Именно при Иване началась и деятельность Сергия Радонежского, одного из вершителей Куликовской победы.
Нам очень трудно разглядеть эту фигуру, залакированную церковно-житийной литературой, приемами жанра, который убирал все человеческое, подменяя объемное изображение плоскостным. Если мы останемся на позиции житий Сергия Радонежского, то никогда не сможем оценить его вклада в освободительное движение русского народа.

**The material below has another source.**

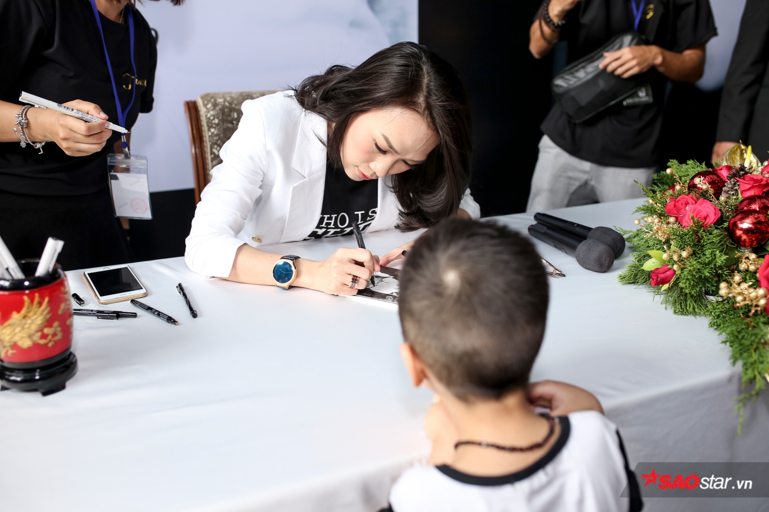 Khoảnh khắc đáng yêu Mỹ Tâm ký tặng fan nhí.

По-видимому, соответствуют истине летописные и житийные сообщения о том, что он, сын разорившегося ростовского боярина, с юных лет проявил интерес к грамоте, к раздумьям и размышлениям, что он был одарен талантом к учению. Это, несомненно, обратило на него внимание церковных владык, в руках которых тогда находилось обучение грамоте. Молодые люди того времени искали подвигов в ратном деле, воинская доблесть ценилась превыше всего, но вместе с тем и была привычна. Отрок, увлекающийся книгами, житиями святых, Священным писанием, был в удивление, на него смотрели как на человека не от мира сего. Быть бы отроку Варфоломею (имя Сергия до пострижения) книгочеем, переписчиком книг, быть может, составителем летописного свода, если бы не его подвижническая натура.